Within the first minute of “That's My Kind of Night,” the opening track on Luke Bryan's new album, “Crash My Party,” he cites tailgating, beer drinking and a nameless “pretty girl” in suntan oil and cowboy boots — all standard modern-day signifiers for a country song. Set to an electronically altered bass-and-drum rhythm, the song also refers to a country hip-hop mix tape, a reflection of the tune's arrangement, which mixes banjo, hard-rock guitar riffs and hip-hop production touches. What Bryan's fourth album doesn't offer is many surprises. The current Academy of Country Music entertainer of the year, Bryan sticks with souped-up country rockers and romantic ballads about how guys who like to fish and guzzle beer and drive pickups do better with women and generally have more fun than their counterparts. That theme rings out in the title song and many others, including “Beer in the Headlights,” “We Run This Town,” “Play It Again,” “Out Like That” and on and on. Bryan and producer Jeff Stevens push the edge of how many electronic effects they can use in a country song, but in every other way, Bryan sticks a bit too predictably with a successful formula on “Crash My Party.”

— Associated Press

‘The Civil Wars'

The Civil Wars (Sensibility Music/Columbia)

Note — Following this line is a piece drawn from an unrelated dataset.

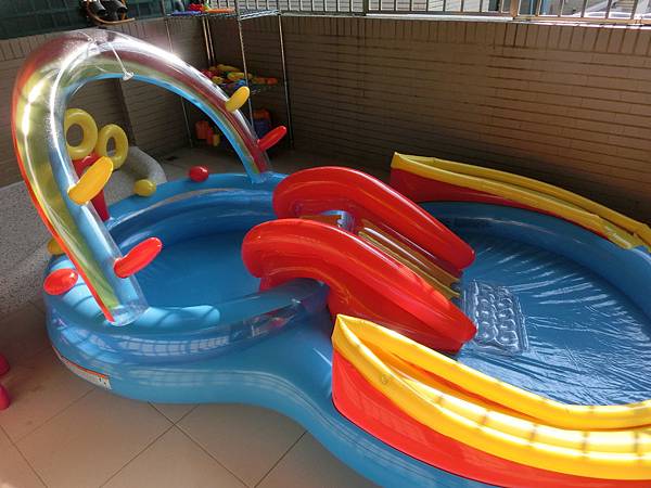 屋外還有水池有附滑水道讓小朋友也能清涼,
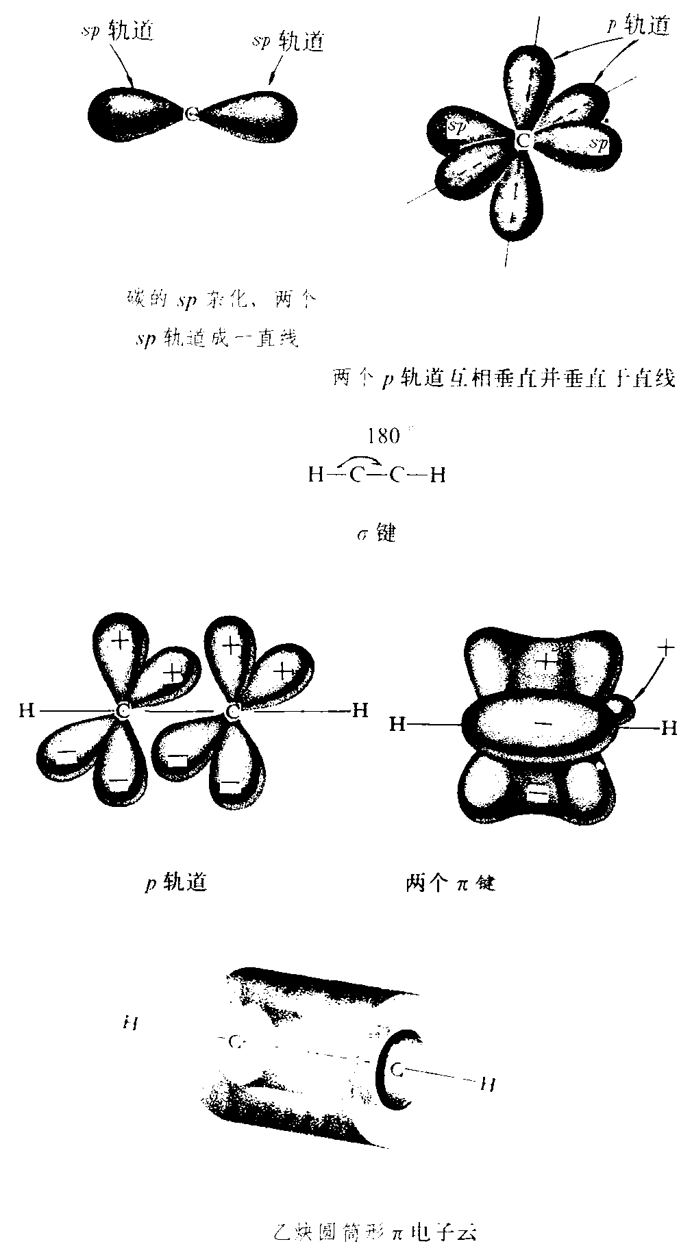 | 释义 | 碳碳叁键tantan sanjian指在两个碳核之间共享3对电子。在乙炔分子中碳核是以叁键相连的,乙炔是叁键化合物中最简单者。烃类化合物中含叁键的称为炔烃。在乙炔分子中,碳碳键长0.120nm,比乙烯、乙烷中的碳碳键都短,碳氢键长0.108nm。所有原子处在 一条直线上,CCH键角为180°,乙炔比乙烯分子更紧密。近代分子轨道理论认为乙炔碳原子为sp杂化,两个sp杂化轨道角度为180°,形成 一条直线,两个p轨道保持未杂化,每 一个sp杂化的碳与氢形成一 个σ键,与第二个碳形成一个σ键,相邻的两个平行p轨道重叠形成两个π轨道,组成叁键的3个键中两个键是π键,另一个是σ键。乙炔分子的两个π键电子云是圆筒形对称的,围绕在碳碳键轴外,π键的电子屏蔽了碳碳σ键电子,每个π键比σ键更容易破裂(见下图)。

Joy Williams and John Paul White are the two artists who make up the Civil Wars, whose name is also on the album at hand. I don't know whether they are really as dysfunctional as they seem from a distance, but they act the part well. Their first album, “Barton Hollow,” featured songs of wrong and longing, Möbius-strip harmonies, and tales of enchantment and dissolution. During a tour later, they split, issuing a statement about “internal discord and irreconcilable differences of ambition.” Somehow, here they are again, in an album produced by eclectic visionary Charlie Peacock, with Rick Rubin on the rustic romancer “I Had Me a Girl.” Williams' pure, dulcet tones are more present than White's. Unlike “Barton Hollow,” the pair loses some intimacy to bolder arrangements and instrumentation (as in the bucking blues of “Oh Henry”). What “The Civil Wars” loses in sonic proximity, however, it gains in lyrical strength. “The One That Got Away” has lines like “I got caught up by the chase/ And you got high on every little game/ I wish you were the one that got away.” Whether the duo work better together or apart, “The Civil Wars” is heartbreaking stuff.